Drugs frequently inducing DRESS are (selection):

Antiarrhythmic Mexiletin

Anticonvulsants Carbamazepine, Phenytoin, Lamotrigine, Phenobarbital, Zonisamid

Anti-retroviral Abacavir, Nevirapine

Antibacterial Amoxicillin, Levofloxacin, Minocycline

Other Dapsone, Sulfonamide, Allopurinol, Vemurafenib, Cobimetinib

Drugs with the highest risk of inducing DRESS are anticonvulsants and allopurinol.

DRESS is associated with the infection or reactivation of human herpesvirus 6/7, Epstein-Barr virus and cytomegalovirus. Viral replication has been detected during all phases of the drug hypersensitivity reaction. Viral replication and T-cell mediated responses against viruses are thought to contribute to the clinical symptoms and may even worsen the disease.

Risk genes from alleles of human leukocyte antigen (HLA) class I and II have been shown to be associated with a higher risk to develop DRESS.

A transient blood eosinophilia (>1500/µl) and leukocytosis (>11x109/L) with atypical lymphocytes appears in the early course of disease. Liver involvement is reported in about 70% of patients with a massive increase of liver enzymes. Signs of an acute hepatitis with jaundice may develop. Depending on the involvement of other organs, there is an increase of creatinine kinase, creatinine, amylase and lipase.

An acute onset of symptoms for up to six weeks after taking the drug is characteristic for DRESS. Cutaneous lesions start as disseminated, symmetrical reddish macules on the trunk, arms and legs. Patients often show facial edema. Later a generalized maculopapular rash develops and in the course of disease, an exfoliative dermatitis or erythroderma may develop.

Mucosal involvement is very rare. In general, patients present feeling unwell with fever and lymphadenopathy. There is involvement of at least one internal organ (liver > kidney > lung, heart, pancreas).

To enable a quick diagnosis the following scoring system is proposed by the RegiSCAR group:

1. Acute rash

2. Reaction suspected drug-related

3. Hospitalization

4. Fever (>38°C)

5. Laboratory abnormalities (at least 1 present)

     a. Lymphocytes above or below normal

     b. Low platelets

     c. Eosinophilia

6. Involvement of >1 internal organ

7. Enlarged lymph nodes >2 sites

DRESS is diagnosed if 1-3 and three out of 4-7 apply.

After the culprit drug is withdrawn, symptoms may worsen after three or four days. If there are no sure signs for an infection, physicians should not treat the patient empirically with antibiotics to avoid cross- reactivity.

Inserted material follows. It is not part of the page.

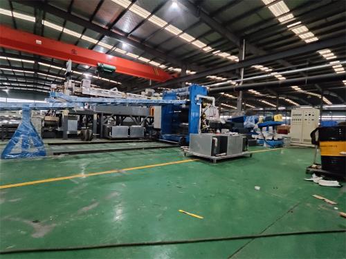 一、系統(tǒng)機組技術(shù)參數(shù)Ⅰ、機器顏色:主機為:公司標(biāo)色;電柜為:電腦色;防護罩:黃色Ⅱ、擠出工藝:110升混煉機-——自動提升機——強制喂料機——150單螺桿擠出機——液壓板式換網(wǎng)系統(tǒng)-----片材擠出模具----三輥壓光---三輥冷卻系統(tǒng)-----下覆膜裝置----托架冷卻-----冷卻牽引----切邊裝置-----計米器-----在線剪板機----輸送帶-----摩擦收卷機----主機采用:PLC控制Ⅲ、加工物料:EVA.EPDM.POE隔音氈 敲擊隔音片代加工 要 求:制品寬度:1000mm 敲擊隔音片代加工制品厚度:1-4mm產(chǎn) 能:700~1000公斤/小時注意事項:取決于客戶的配方、工藝、

• Stevens-Johnson syndrome/toxic epidermal necrolysis (SJS/TEN)

• Acute generalized exanthematous pustulosis (AGEP)

• Hypereosinophilic syndromes

• Angioimmunoblastic T-cell lymphoma

• Acute cutaneous lupus erythematosus

The suspected drug has to be withdrawn immediately. Patients must be treated with systemic glucocorticoids 40-50 mg/d. Slowly reduce steroids over up to eight weeks to avoid relapse.